That is a great setup!


----------



## AbbyK9 (Oct 11, 2005)

I know that my dog would not enjoy a "cage free" boarding facility where all dogs are allowed to run and play with one another, so if I had to board, I would say a place that has kennels and runs would be best for her. I would never have a stranger come and sit her in my home due to the fact that we have firearms among other valuables and I just don't trust strangers in my house unsupervised to begin with.

Ideally, I would have a friend come over and watch her, or leave her at a friend's house. My friend Jess used to take her while we were gone a few times and she loved playing with Jess's dog Max, he's her favorite dog friend. Unfortunately, they have now moved. 

I wouldn't hesitate leaving her with Mrs.K as she gets along very well with her newest bitch, Nala, and her boys. However, she doesn't always appreciate Indra's style of play, so Mrs.K probably really would have her hands full watching her.


----------



## Stosh (Jun 26, 2010)

I take Stosh to a place that sounds a lot like yours.
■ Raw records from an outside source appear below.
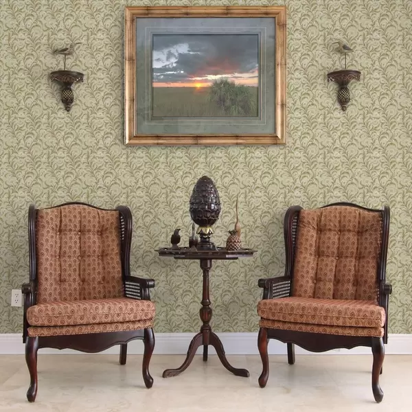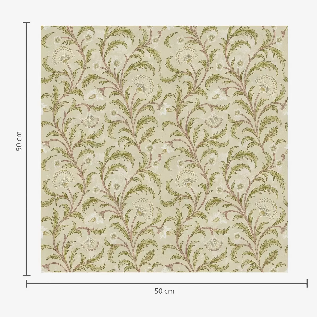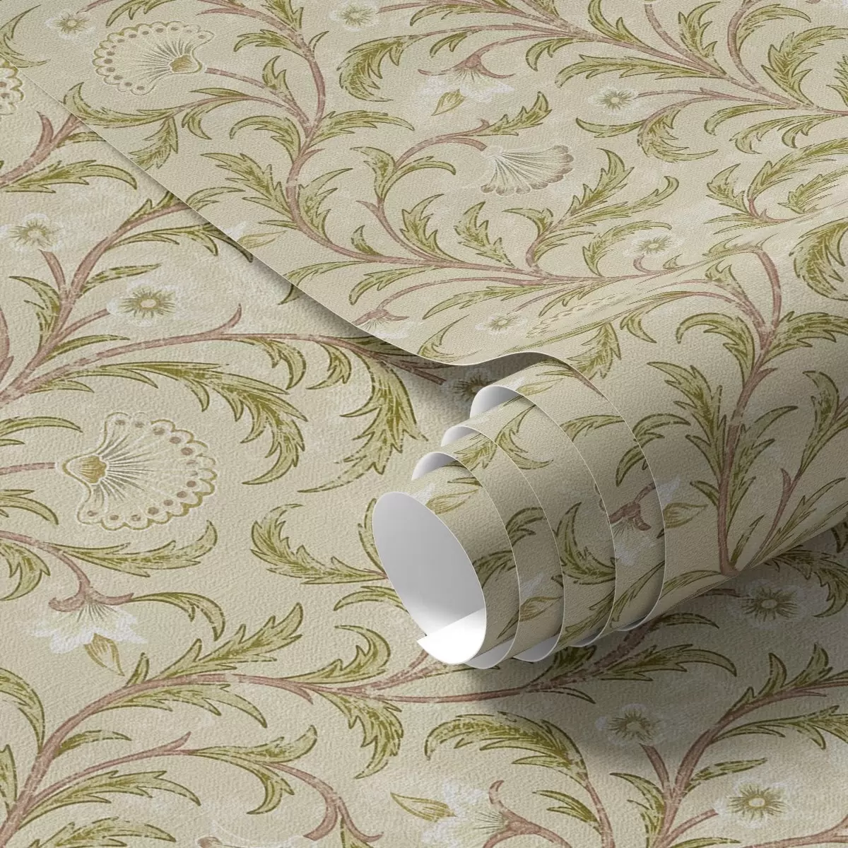Tapetes Vintage ornament ar volūtām un ziediem, smilškrāsas un olīvu krāsā Nr. a00574
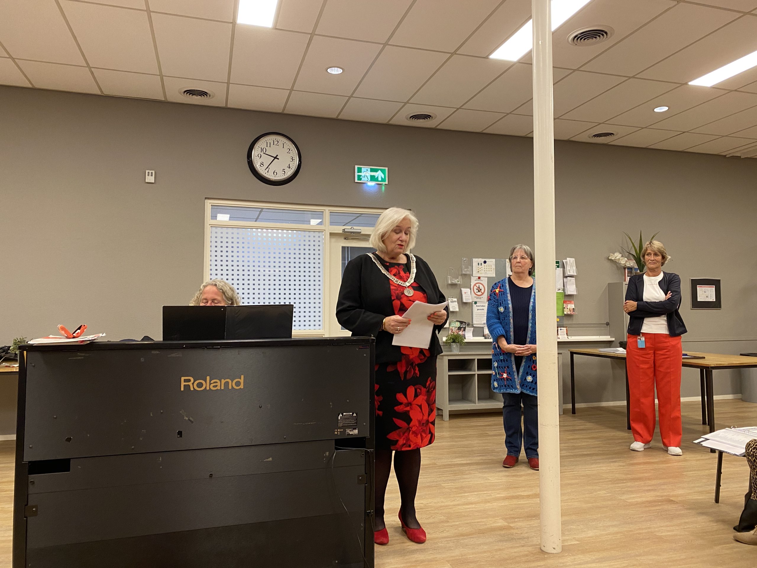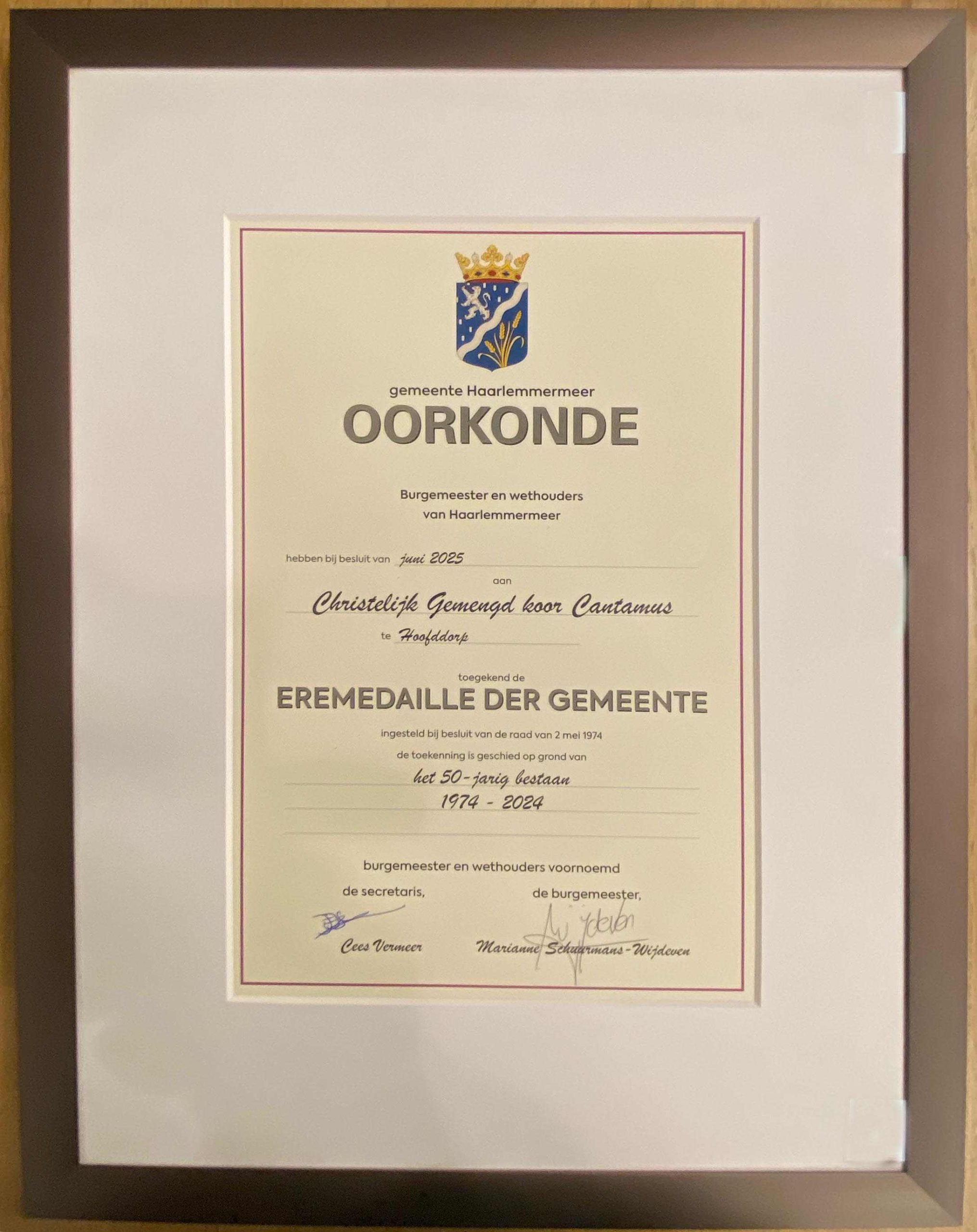 Dinsdagavond, 30 september 2025, werden we tijdens de repetitie verrast met een bezoek van Mw. Schuurmans, burgermeester van de Haarlemmermeer. I.v.m. ons 50 jarig jubileum kregen wij de Erepenning van De Haarlemmermeer uitgereikt. Een grote verrassing.
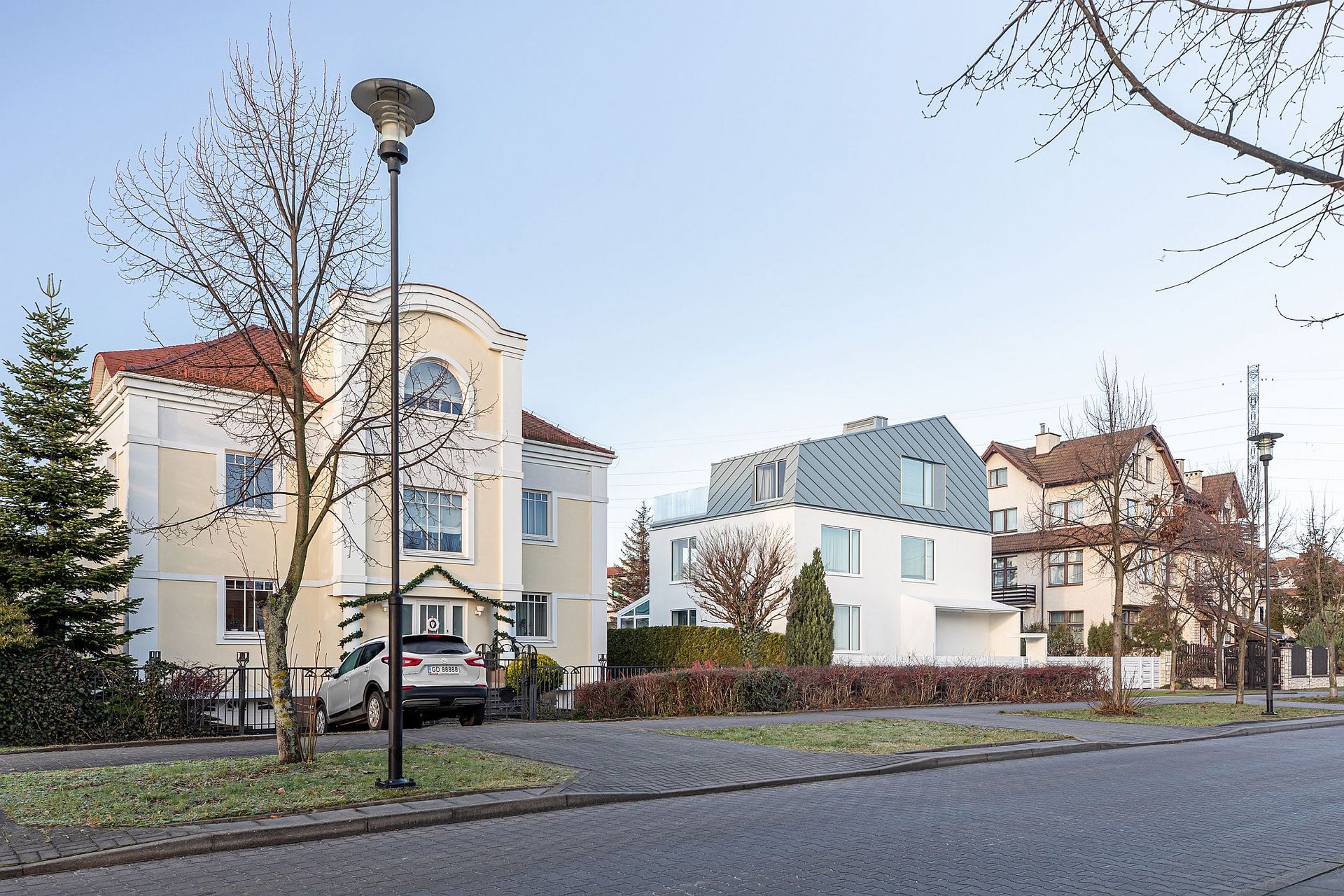 The "House with a Cap" project in Gdansk was built at the junction of two distinct districts. historical Oliwa and modern Przymorze. The volume was consciously integrated between neighboring buildings of different heights, and the roofline results directly from this relationship. The effect is a modern interpretation of a mansard roof, which organizes the building's proportions and adds a distinctive yet non-aggressive character.

A friend that shows Dobermans got into boarding kind of by accident- she has a great set up with the individual in/out kennels and a huge fenced common area. She started boarding for friends, friends of friends. She and her husband are retired and someone is always home with the dogs. She lets the dogs out 5-6 times a day by themselves so they can potty in private in case they won't go in the kennel, and she'll let a couple play together 2-3 times a day. Her husband really likes Stosh and he lets him follow him around while he's puttering in the yard and doing the chores. Stosh is very happy and comfortable there- I'm not sure he would do well in a cage free setting because he's a rather exuberant player and sometimes intimidates other dogs with all the bouncing and barking. I think it's a perfect situation for him- he has some interaction with others but has his own space too


----------



## ozzymama (Jan 17, 2005)

Usually board in home - someone comes here, but I prefer the kennel idea. Mine don't need friends  Dolly will be boarded that way this weekend while dh and I are away.


----------



## BlackGSD (Jan 4, 2005)

I voted kennel. My dogs don't need nor want to play with strange dogs. I don't want them to view strange dogs as playmates.


----------



## Freestep (May 1, 2011)

Right now, with Vinca being a social puppy, I opt for cage-free boarding. The gal that runs the doggie daycare is a behaviorist, so I trust her to make good decisions about when and who my dog plays with. She's also a client, so while the cage-free boarding is pretty expensive at $50/night, we do trade so it works out. If I didn't have the trade going I don't know if I'd be able to afford it! I don't have a problem boarding at a kennel-run type facility either. I board my older girl at a kennel facility, even though she gets along with other dogs, at this stage of her life she doesn't want to play with punky puppies all day long--she gets enough of that at home!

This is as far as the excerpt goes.